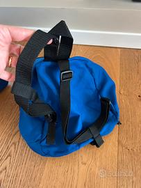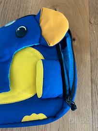 Zainetto per bambini della linea Sammies di Samsonite a forma rettangolare di elefantino. Tasca centrale con chiusura a strappo e apertura superiore con zip. Cinghie sulle spalle regolabili. Tessuto lavabile. In ottimo stato. Bordo inferiore leggermente usurato (vedere ultima foto)
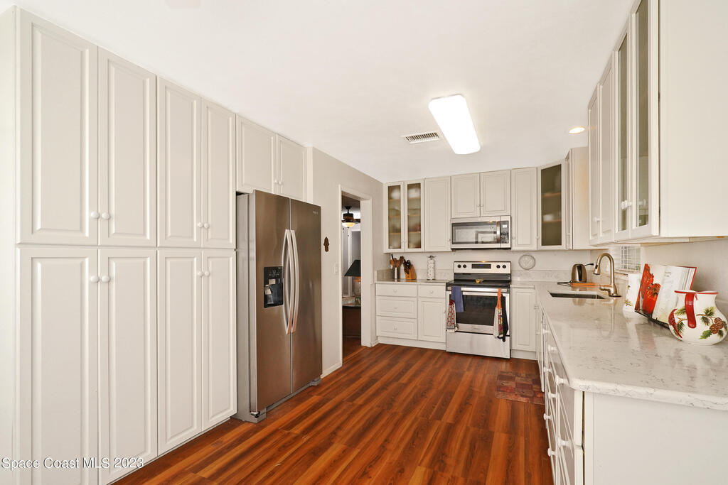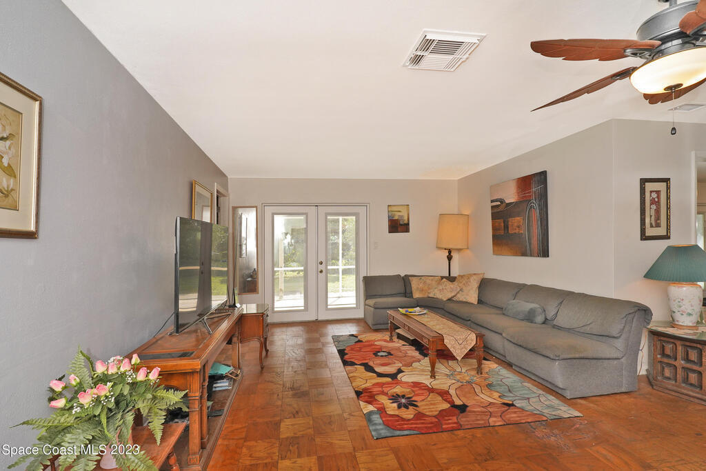 REMODELED Home with lots of room for your family! This home features a newer air, water heater, windows, doors and storm shutters. You'll find parquet style flooring throughout and the living area is perfect for variation of furniture placement. Both bathrooms are tastefully remodeled. The kitchen has ample cabinets and counter tops and the stainless steel appliances stay. The owner added pull outs, drawers and a pantry for storage convenience. The breakfast area is ideal for morning coffee with a yard view. The home had some rewire and repiping work in 2023. The living room and kitchen both have french doors leading to the screened porch. And the porch is the length of the home, very roomy! The sprinkler system runs on a timer. The garage is oversized with storage shelving. Won't last!
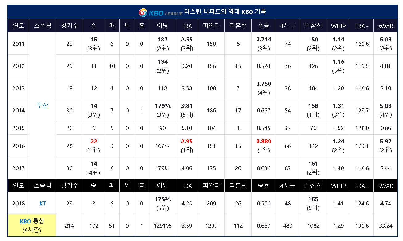 니퍼트가 두산베어스에서 이룬 성적은 대단하다는 말밖에 나오지 않을 성적 입니다.
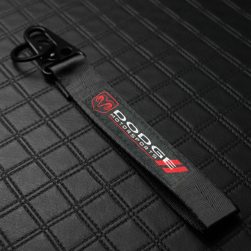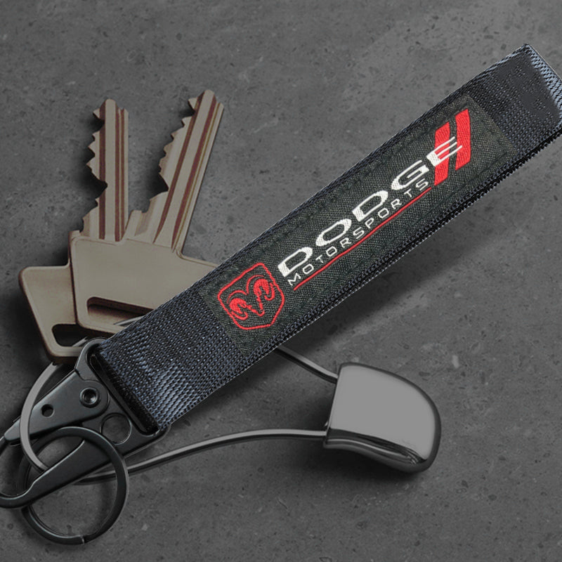 For Dodge Racing Logo Keychain Metal Key Ring Hook Black Strap Nylon Lanyard
===============
* **Work request**: Reproduce the whole listing above character for character; pictures do not belong in it.

* **Finished exercise**:
 Zainetto per bambini della linea Sammies di Samsonite a forma rettangolare di elefantino. Tasca centrale con chiusura a strappo e apertura superiore con zip. Cinghie sulle spalle regolabili. Tessuto lavabile. In ottimo stato. Bordo inferiore leggermente usurato (vedere ultima foto)
 REMODELED Home with lots of room for your family! This home features a newer air, water heater, windows, doors and storm shutters. You'll find parquet style flooring throughout and the living area is perfect for variation of furniture placement. Both bathrooms are tastefully remodeled. The kitchen has ample cabinets and counter tops and the stainless steel appliances stay. The owner added pull outs, drawers and a pantry for storage convenience. The breakfast area is ideal for morning coffee with a yard view. The home had some rewire and repiping work in 2023. The living room and kitchen both have french doors leading to the screened porch. And the porch is the length of the home, very roomy! The sprinkler system runs on a timer. The garage is oversized with storage shelving. Won't last!
 니퍼트가 두산베어스에서 이룬 성적은 대단하다는 말밖에 나오지 않을 성적 입니다.
 For Dodge Racing Logo Keychain Metal Key Ring Hook Black Strap Nylon Lanyard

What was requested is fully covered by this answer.